I've gotten Text::Hyphen and Text::KnuthPlass working, and tests suggest
that they (mostly) work great. Unfortunately, KP doesn't build on all
systems (a simple fix), so I may have to forcibly take it over if the owner
doesn't respond reasonably soon, or just take it into the product. Hyphen
could use some improvements for multilanguage support, also waiting for a
response. Some sort of "virtual printing (see 'B') would be necessary, as
dealing with widows and orphans would be much easier that way.
B. Virtual pages: this would be related to item (A) (paragraph shaping), where
PDF code would not be immediately written to an output page, but would be
buffered, and output only later. This permits easier paragraph shaping and
other rearrangements across columns and pages, where the starting location
of a line of text is in the buffer, and it can be updated when moving the
line around. Even individual words might be tagged (location and hyphenation
points) so that lines could be broken at will. Even a limited amount of
virtuality (virtual line output) could be useful for resetting a baseline
to accommodate a change in font size -- this might involve tagging a word or
block of words of the same height.
PDF::Table product (or table functionality within Builder) could make use
of virtual printing to "print" to a mini-page within a cell (fixed width,
min/max height). If it doesn't fit on the page, decide where to split row
to avoid widows and orphans. Also knowing cell height and row height, can
vertically align a cell's contents.
C. General text flowing capability, to fill irregularly shaped columns (such
as with intruding inserts or margin notes) in a balanced manner, including
spanning headings across all columns, where appropriate. This would also
include flowing text around images, tables, or other inserts to avoid
leaving large empty sections of pages (e.g., have a large table that floats
to the next page, with text after it that could easily come before it on
the original page). Something to handle cross references would be handy
here, to output "see table X above" or "below", "on the previous page"/"on
the next page", "on page X", etc. in a prescribed and consistent manner.
Note that it might be good to notify the user during processing that such a
move has been done, so that it can be inspected.

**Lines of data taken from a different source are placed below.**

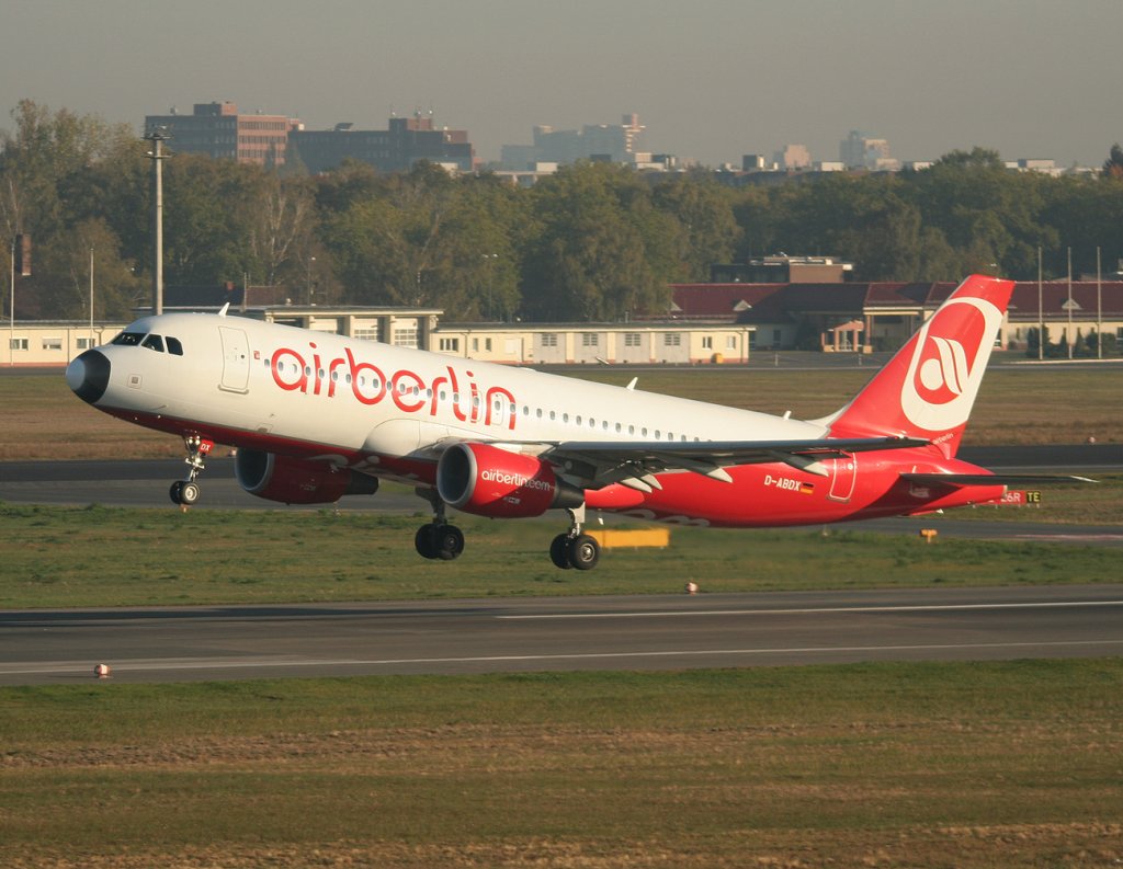 Air Berlin A 320-214 D-ABDX beim Start in Berlin-Tegel am 15.10.2011
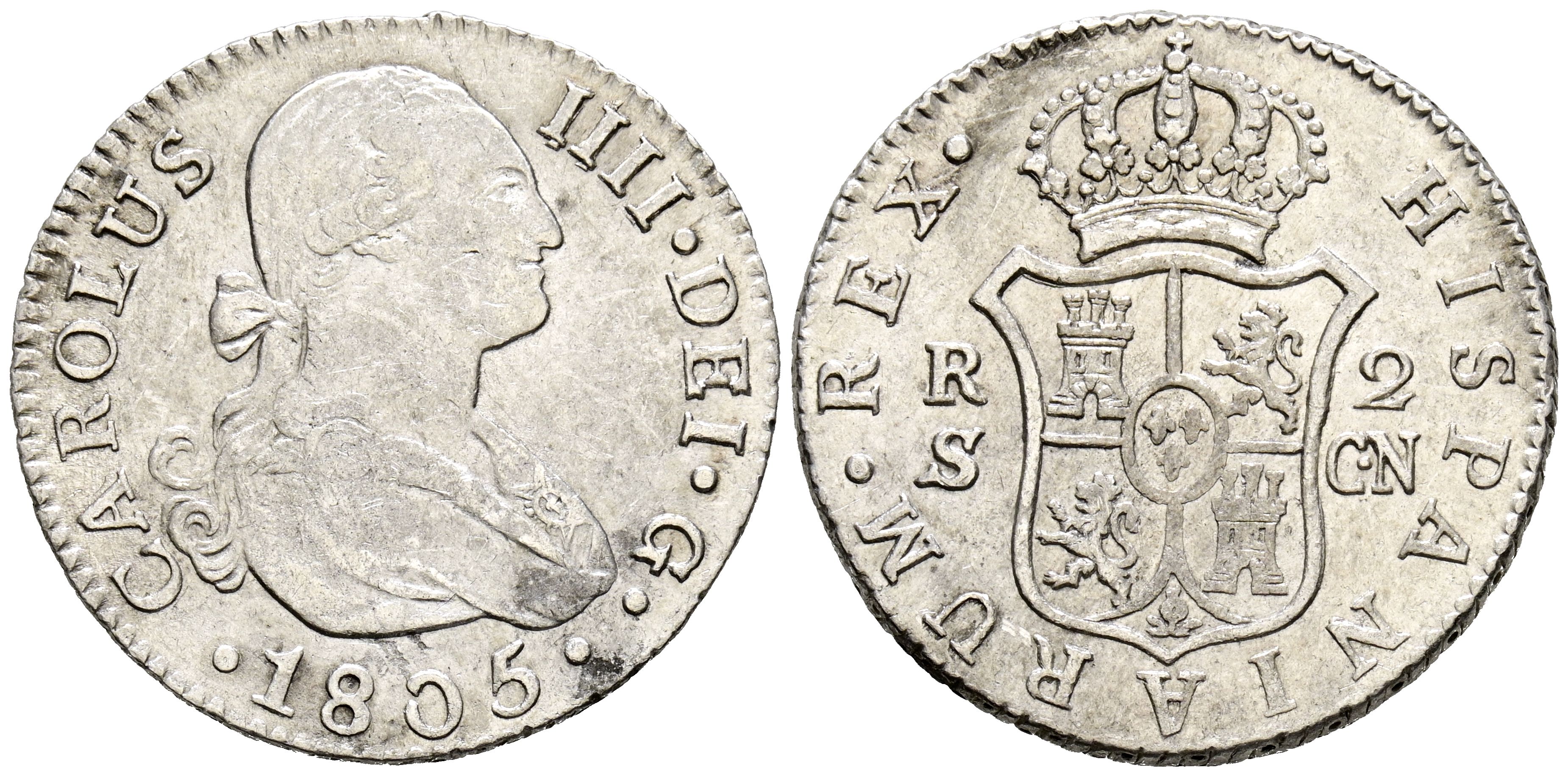 CARLOS IV (1788-1808). 2 Reales. (Ar. 5,89g/26mm). 1805. Sevilla CN. (Cal-2019-725). MBC+. Restos de brillo original.
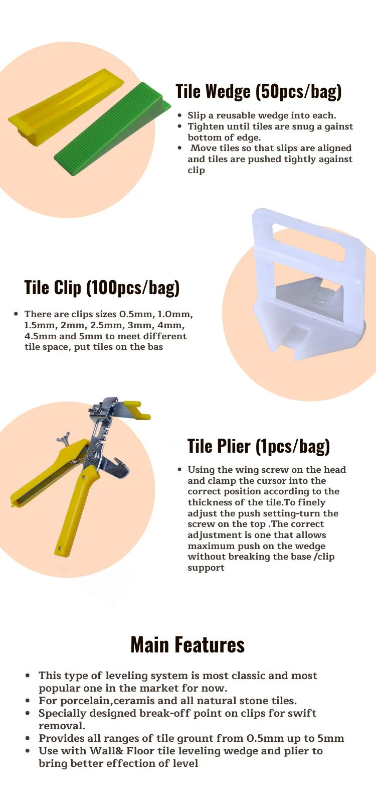 Application | Ensuring the proper leveling of tiles and helps speed the tile setting process |
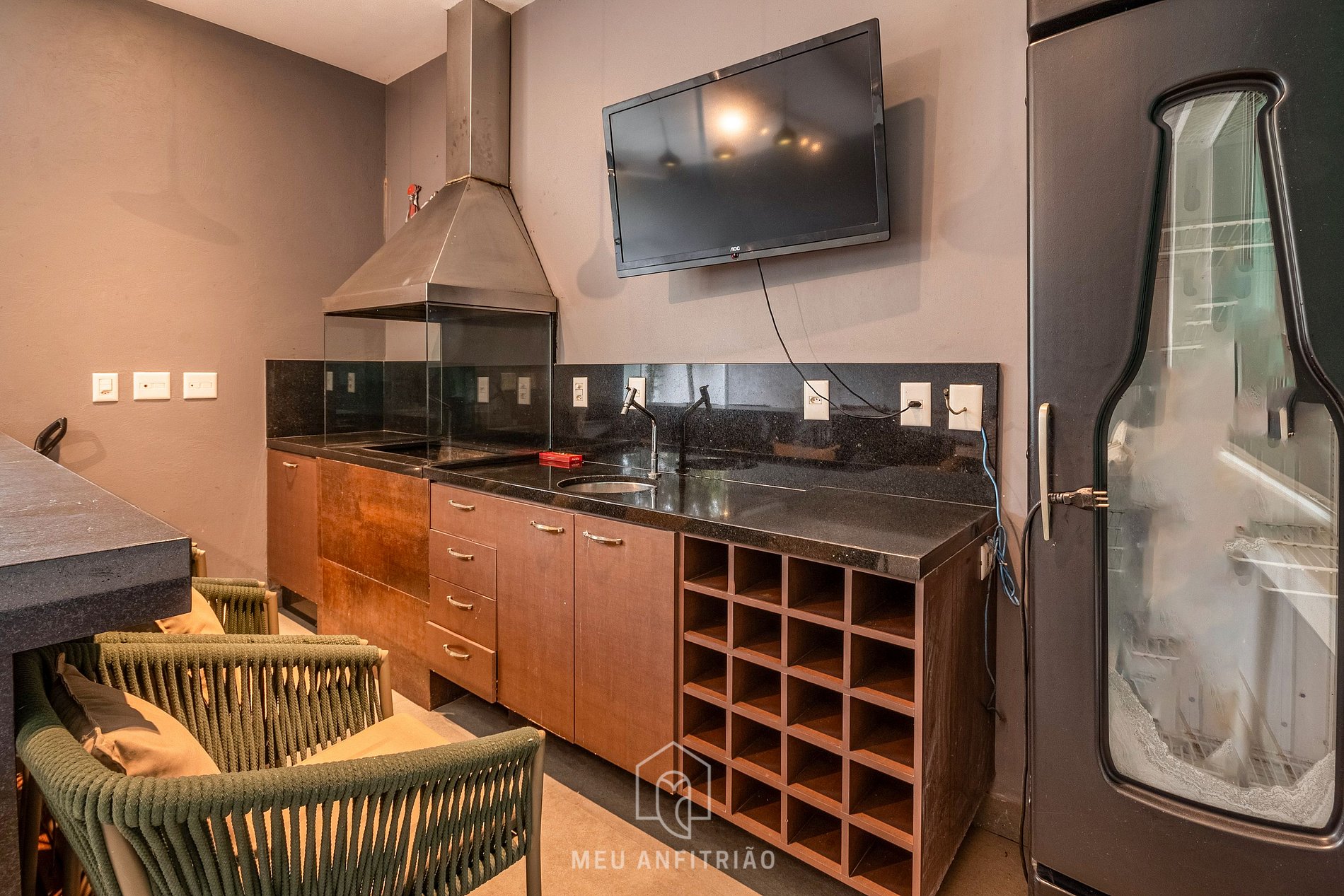 - Gourmet area with a barbecue grill, Smart TV, table, chairs, sofa, refrigerator, and powder room.
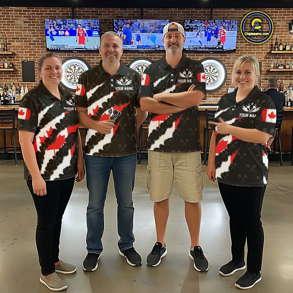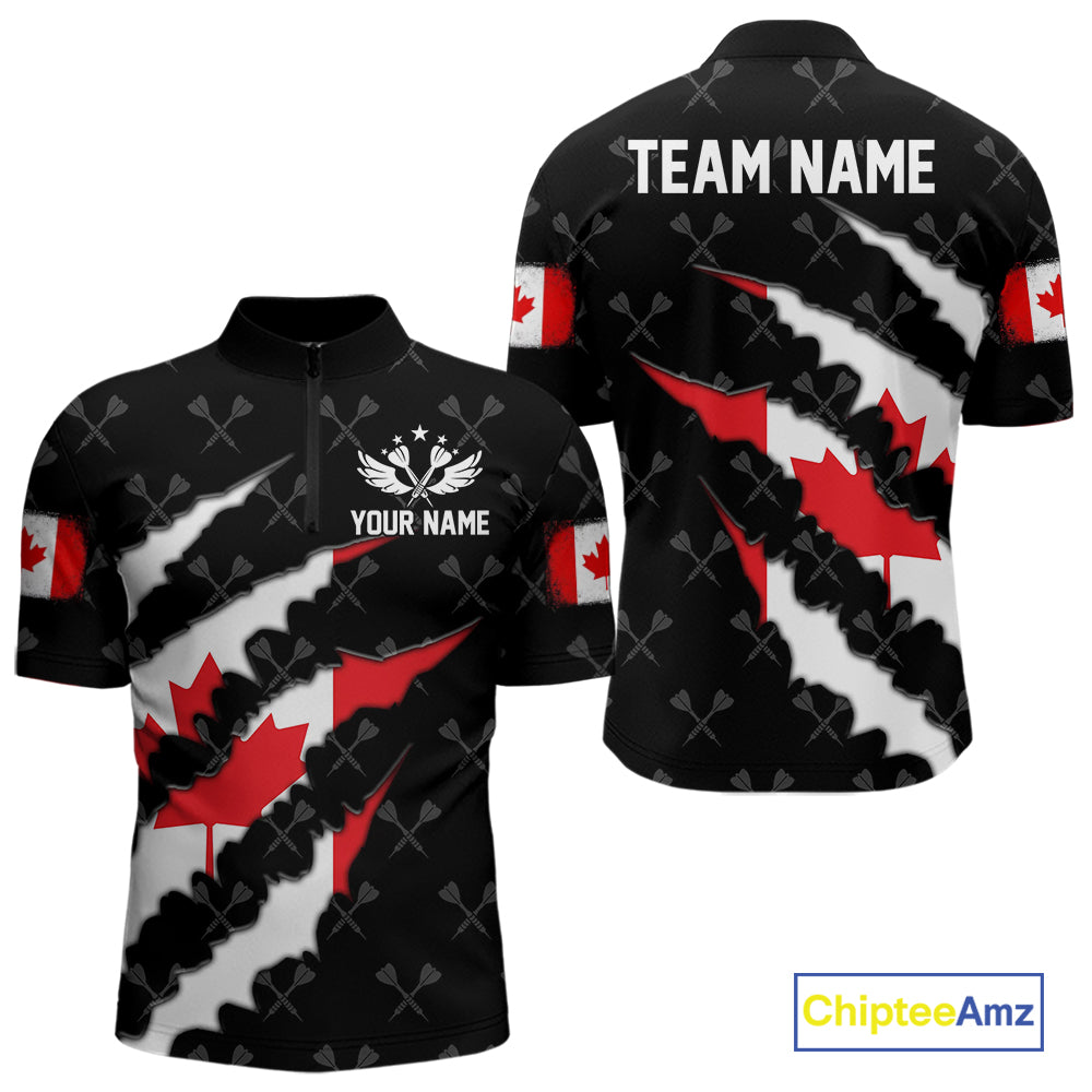 Personalized Canada Flag Darts Pattern Polo & 1/4 Zip For Men Custom Canadian Darts Team Jerseys TDM5419
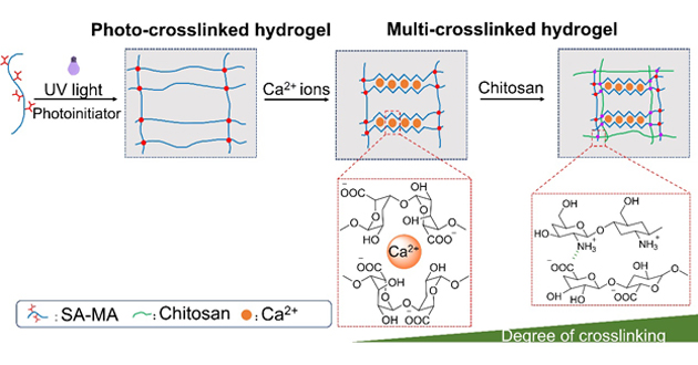 刺激响应性水凝胶不仅具有优异的生物相容性,还可以感知外界刺激并做出响应,在生物医学领域具有较好的应用前景。但是,目前刺激响应性水凝胶依然存在机械性能差、响应性单一等缺点。而且,随着海藻酸钠结构在两...
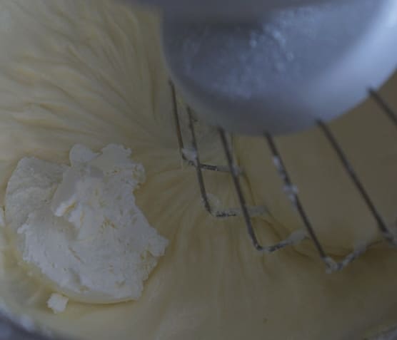 - Doe de roomkaas en de mascarpone in een kom om op te kloppen. Voeg direct de room en poedersuiker toe.
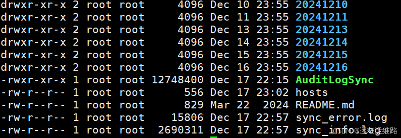 4、审计日志归档目录位置/data/AuditLogSync/xx(年月日命名的目录)

UPDATE: Columns could be any shape, drawn with lines, polylines, arcs,
circles, splines, etc. Text baselines don't necessarily have to be
horizontal. Clip baselines to the "column" shape to get the line length
and starting point for each line of text. There may have to be some
iterations to reshape a line if its height results in a shift of the
baseline into a wider or narrower area.
D. Font Families: per CTS 22/#94, make it easier to deal with switching fonts
and variations within a font (bold, italic, size, color, underline, small
caps, etc.), possibly with HTML tags inlined. The idea would be to only have
to specify a typeface and initial size, and then switch in and out of
variants (bold, italic, etc.) without having to call all the font routines
yourself. Perhaps several formats of markup could be supported (HTML,
Markdown, troff), driven by a definition file? Pango may help with this, at
least with font-specification markup.
UPDATE: Text::Layout package may prove very useful here, although it needs
some enhancements (a new "back end" to return text for shaping, rather
than directly outputting it).
E. Continuing (D), eventually much of HTML and other common markups (headings,
quotes, HTML entities, tables, lists, etc.) supported. One goal would be to
eventually support enough of each markup to have a separate converter
product (HTMLtoPDF, troffToPDF, etc.), but support for full Javascript and
CSS (for HTML pages) will be a bear! Some level of macros (predefined
strings) would be useful. Non-HTML might be converted to HTML or Pango
format first.
F. Support for SVG graphics (drawing), support for troff's eqn, pic, and tbl
markup languages to make it easier to do anything other than plain text.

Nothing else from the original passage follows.